Tüketici dijital servis üyelikleri gözden geçirecek
Bugün, üniversite çağındaki gençler ve beyaz yakalıların bütçesinde bundan 10 yıl öncesine kıyasla süreklilik arz eden yeni birtakım masraf kalemleri yer alıyor. Bunlar dijital ürünler. Spotify, Netflix gibi medya tüketim platformlarına üyelik ücretleri, Google Drive, iCloud gibi saklama alanı ücretleri, Evernote ve Goodnotes gibi üretkenlik programları, uzaktan eğitim programlarından alınan dersler, dil ve yetenek geliştiren uygulamalar, oyunlar… Dijital ürünler dünyasına giriş önce bedava uygulamalar ile oluyor. Sonra bir anda kaçırılmayacak bir fırsat kişinin karşısına çıkıyor ve kredi kartı sisteme giriliyor. Bu alışverişin çok da kötü sonuçlar doğurmadığını gören İnternet kullanıcısı bu işe alışıyor ve dijital ürün portföyü giderek gelişiyor. Kurdaki dalgalanma sürdükçe bu ürünlerin yeni üye kazanım hızları düşecektir elbet. Ancak mevcut hayatını bu ürünlerin sağladığı imkanlar etrafında organize etmiş olan insanların bu durumla nasıl başa çıkacakları meçhul. Bu konuda literatürde bize yön gösterecek bir araştırma da bulunmuyor. Öte yandan, bütçe kontrolünü sıkılaştıran tüketicinin dijital üyeliklerini en azından bir defa gözden geçireceğine ve benzer amaca hizmet eden benzer kalitedeki platformlar arasında daha uygun fiyatlı olana yönelme ihtimalinin artacağına kesin gözüyle bakabilirsiniz.

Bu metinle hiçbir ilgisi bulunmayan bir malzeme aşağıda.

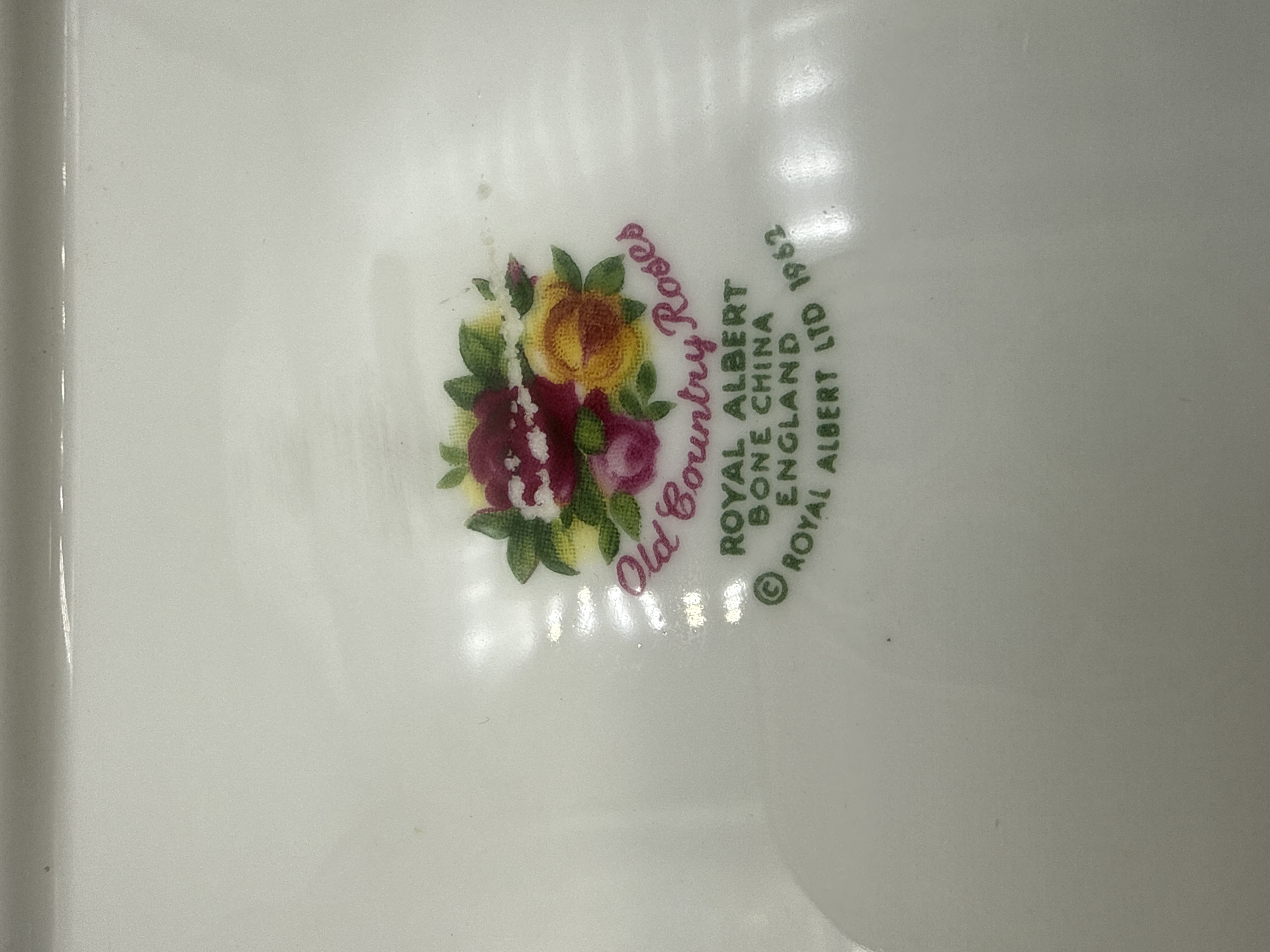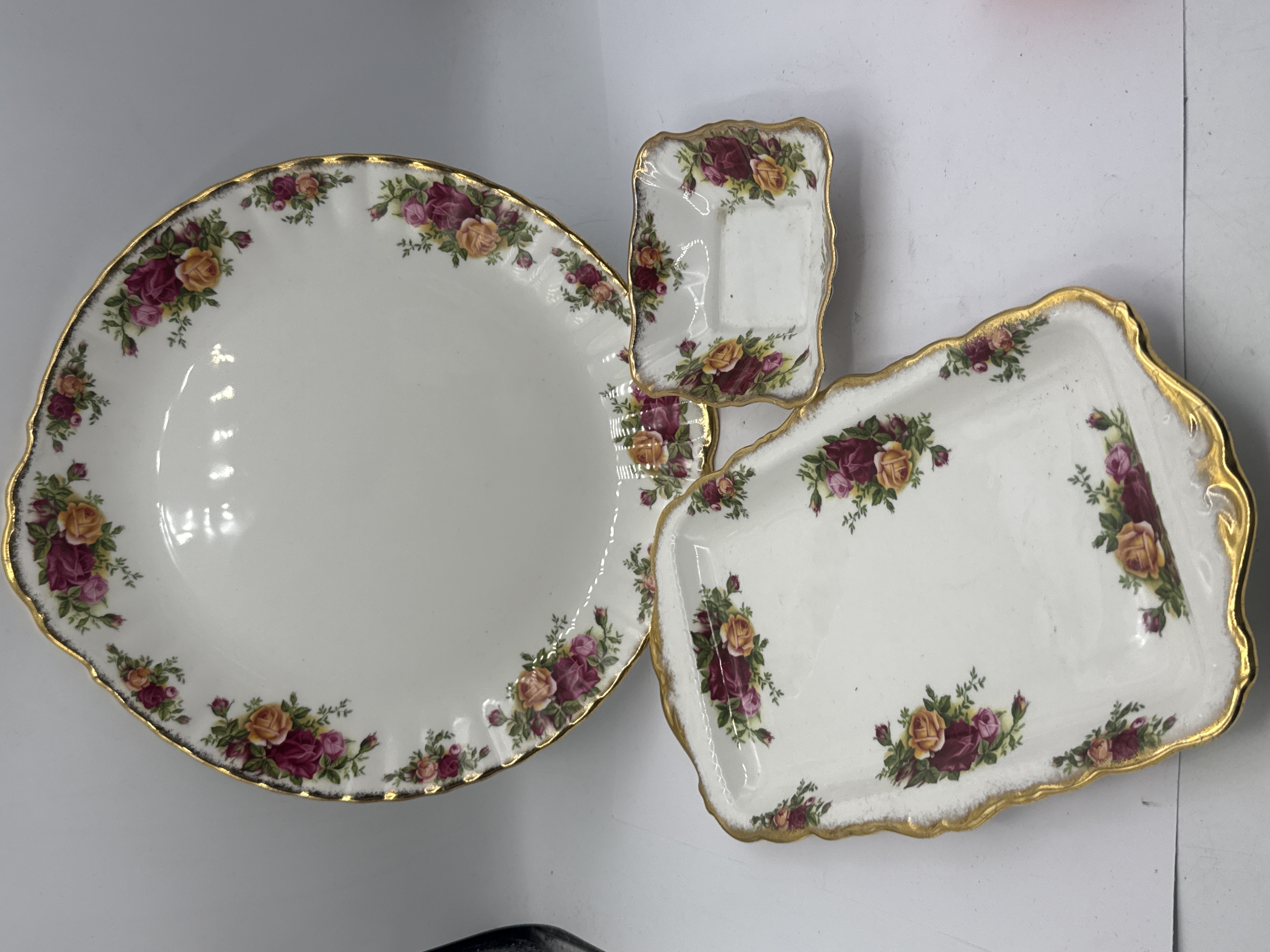 A trio of vintage English bone china serving pieces by Royal Albert in the iconic Old Country Roses pattern. The collection includes one large round serving plate, one oblong rectangular sandwich tray, and one small square pin dish. All items feature a white ground decorated with transfer-printed clusters of multi-colored roses in pink, red, and yellow hues. The pieces have deeply scalloped, fluted edges heavily bordered with gold gilt. The largest plate measures approximately 12 inches in diameter. A visible backstamp confirms the manufacturer and pattern: Old Country Roses, ROYAL ALBERT, BONE CHINA, ENGLAND, and is dated © ROYAL ALBERT LTD 1962.
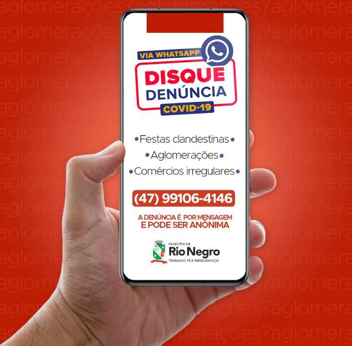 A Prefeitura de Rio Negro divulgou neste sábado o número de WhatsApp para o envio de denúncias de aglomerações. festas clandestinas e comércios irregulares.
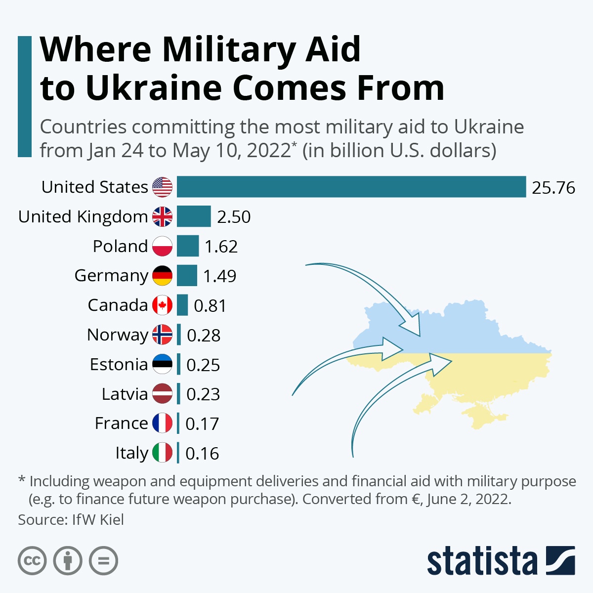 Mirando las promesas de ayuda militar a Ucrania entre el inicio de la invasión rusa y el 10 de mayo, Katharina Buchhlz de Statista detalla a continuación que el gobierno de los Estados Unidos se ha comprometido a proporcionar la mayor cantidad de armas, armas y otros equipos con diferencia.
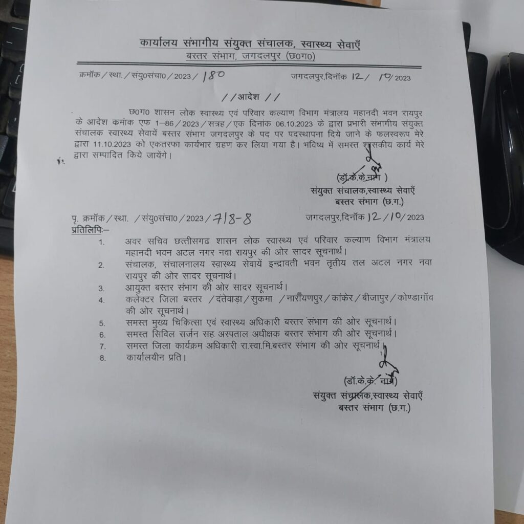 जगदलपुर स्थित जिला चिकित्सालय महारानी अस्पताल के चिकित्सक एवं पैथोलॉजिस्ट डॉ. केके नाग की पद स्थापना संयुक्त संचालक स्वास्थ्य सेवाएं बस्तर संभाग के पद पर चुनाव आचार संहिता लगने के कुछ दिनों पहले 6 अक्टूबर को की गई थी। डॉ. नाग ने उस समय अपना नया पदभार ग्रहण नहीं किया। आचार संहिता लागू हो जाने के बाद उन्होंने 12 अक्टूबर को एकतरफा पदभार सम्हाल लिया। इस बात की पुष्टि स्वयं डॉ. केके नाग ने अपने एक परिपत्र में की है। 12 अक्टूबर की तिथि पर जारी इस विभागीय सर्कुलर में लिखा है कि छत्तीसगढ़ शासन के स्वास्थ्य एवं परिवार कल्याण मंत्रालय महानदी भवन रायपुर के आदेश दिनांक 6- 10- 2023 के तहत मेरी पद स्थापना प्रभारी संयुक्त संचालक स्वास्थ्य एवं परिवार कल्याण विभाग बस्तर जगदलपुर के पद पर की गई है। इस आदेश के परिपालन में मेरे द्वारा दिनांक 11- 10- 2023 को एकतरफा पदभार ग्रहण कर लिया गया है। भविष्य में विभाग के समस्त शासकीय कार्य मेरे द्वारा संपादित किए जाएंगे। डॉ. केके नाग ने इस सर्कुलर की प्रतिलिपि विभाग के अवर सचिव व संचालक, संभाग आयुक्त, बस्तर, सुकमा, कांकेर, कोंडागांव, नारायणपुर, दंतेवाड़ा व बीजापुर जिलों के कलेक्टरों, मुख्य चिकित्सा एवं स्वास्थ्य अधिकारियों, सिविल सर्जनों, अस्पताल अधीक्षकों और जिला कार्यक्रम अधिकारियों को भी प्रेषित की है। डॉ. केके नाग का यह कदम चुनाव आचार संहिता का खुला उल्लंघन है। केंद्रीय निर्वाचन आयोग ने विधानसभा चुनाव के परिप्रेक्ष्य में छत्तीसगढ़ में आदर्श आचार संहिता 9 अक्टूबर से ही लागू कर दी है। डॉ. नाग के चुनाव आचार संहिता विरोधी कदम की तस्दीक राज्य की मुख्य निर्वाचन पदाधिकारी रीना बाबा साहेब कंगाले द्वारा जारी सर्कुलर से भी होती है।
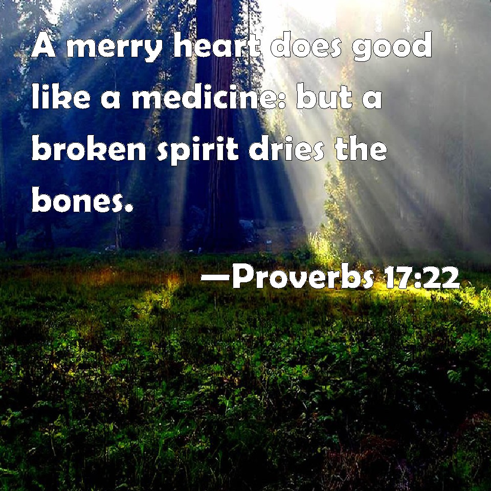 Proverbs 17:22 A merry heart does good like a medicine: but a broken spirit dries the bones.
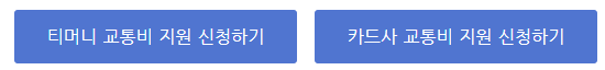아래로 쭉 내리시면 [티머니 교통비 지원 신청하기] 혹은 [카드사 교통비 지원 신청하기] 버튼이 있습니다. 두가지 중에서 편하신 것을 골라서 신청하시면 되겠습니다.
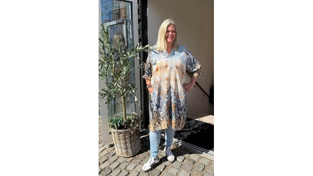 Kjolen er i det flotteste print, smock i ærmet, V-hals og bedst af alt, så er der lommer i
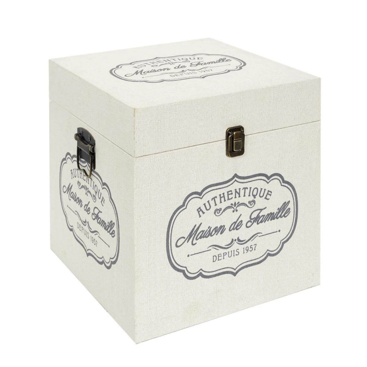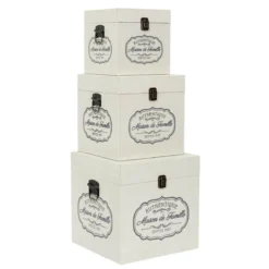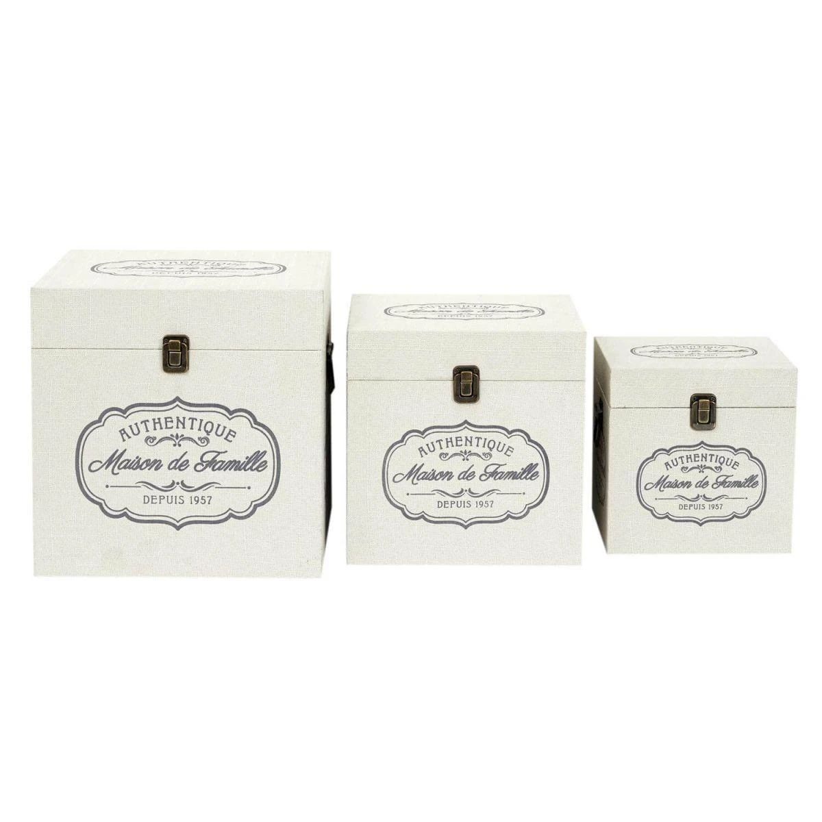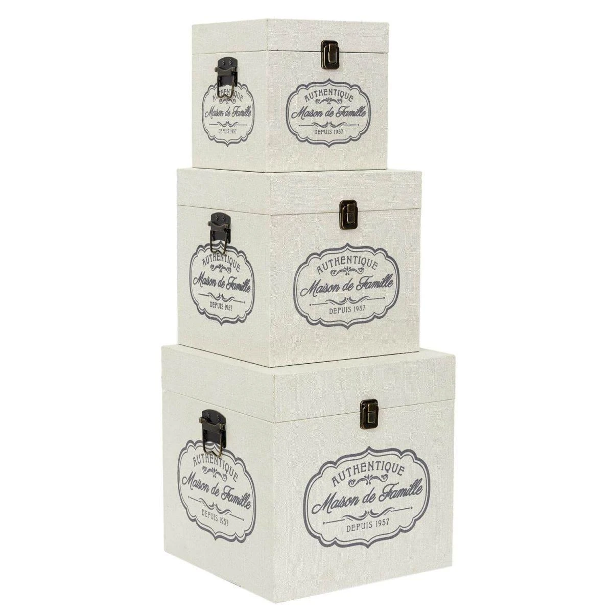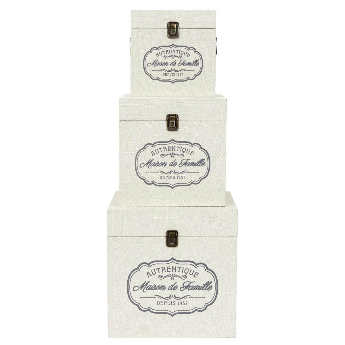Lot de 3 Malles Cubes Tissu Blanc Motif Authentique de la gamme Inga.
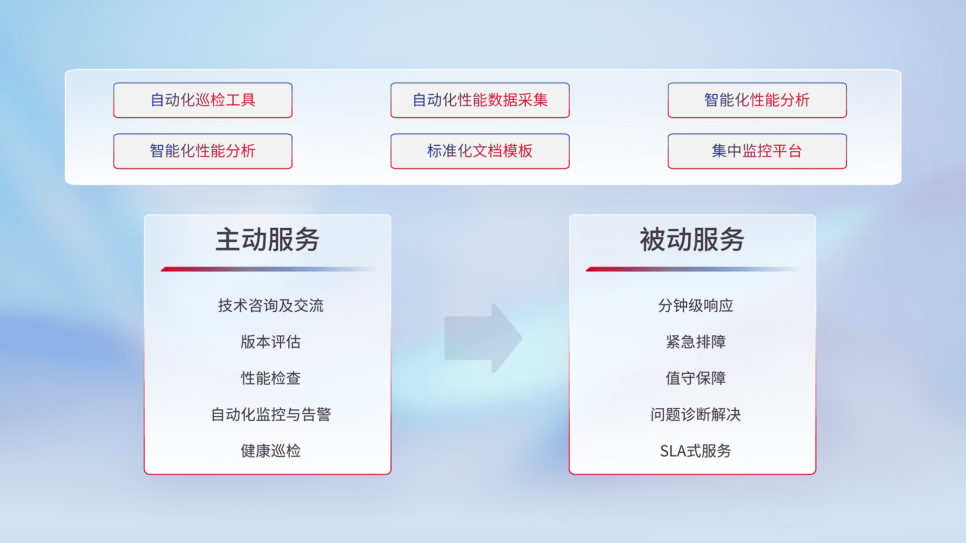 智能化工具和标准化文档,,,保障服务质量,,,,提供主动服务(包含技术咨询、、、、版本评估、、、性能检查、、自动化监控与告警、、、健康巡检)和被动服务包含(分钟级响应、、、紧急排障、、、值守保障、、、、问题诊断解决、、、SLA服务)。。。
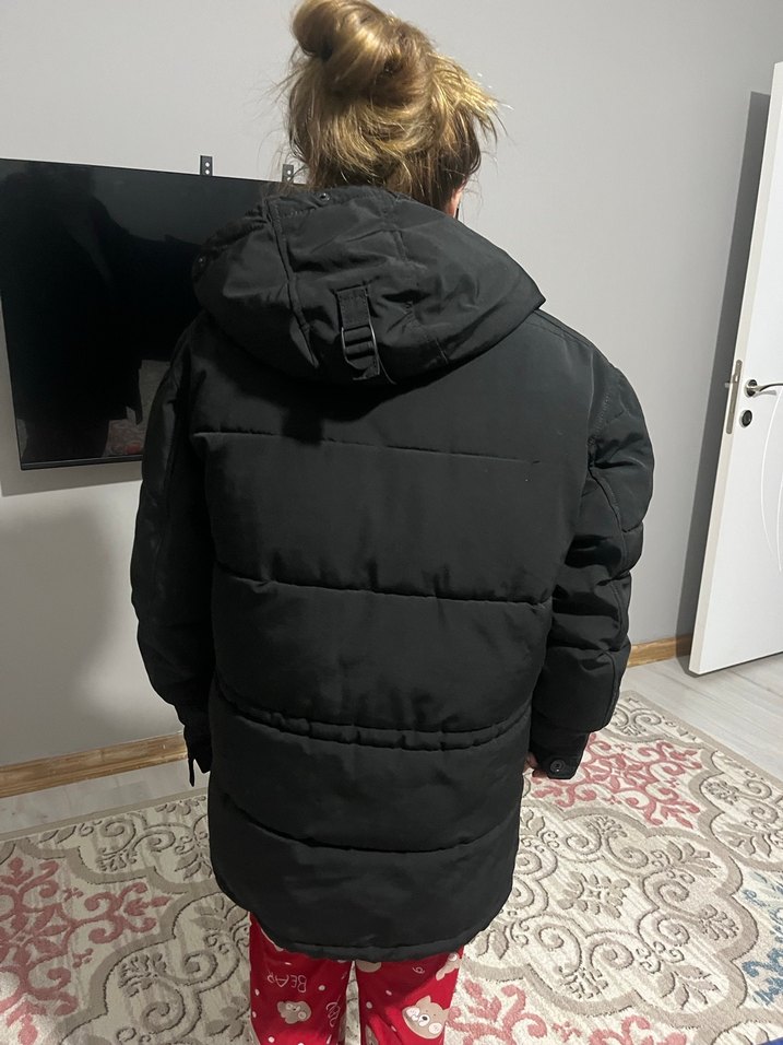 Siyah renkli, normal boyda, fitted kesim kadın kışlık mont. Yumuşak fleece kumaştan, uzun kollu ve yakasında kesik detay var. Tokalı detaylarla tarz katıyor. ❄️

Günün sonunda gıda, temizlik ve ulaşım gibi elzem maliyet kalemleri ile dijital ürünlerin maliyetleri aynı bütçenin içine sıkışıyor. Acaba yeni kuşak tüketici için yumurtanın markası mı yoksa Spotify’da reklamsız müzik dinlemek mi daha kıymetli? Google Drive’da sakladığı en önemli dosyalarını ve e-posta arşivini ücretsiz bir platforma kaç kişi taşıyacak? Bana sorarsanız birçok mikro-segment dijital ihtiyaçlarından ödün vermeyecek. Belki de bu segmentler nezdinde kriz döneminde gerçekleştirilebilecek en etkili kampanya tiplerinden bir tanesi teklifleri dijital ürünlerle beraber paketlemek olabilir. Bir zamanlar kapakların altından kontör çıkardı, bakalım yeni dönemde neler çıkacak?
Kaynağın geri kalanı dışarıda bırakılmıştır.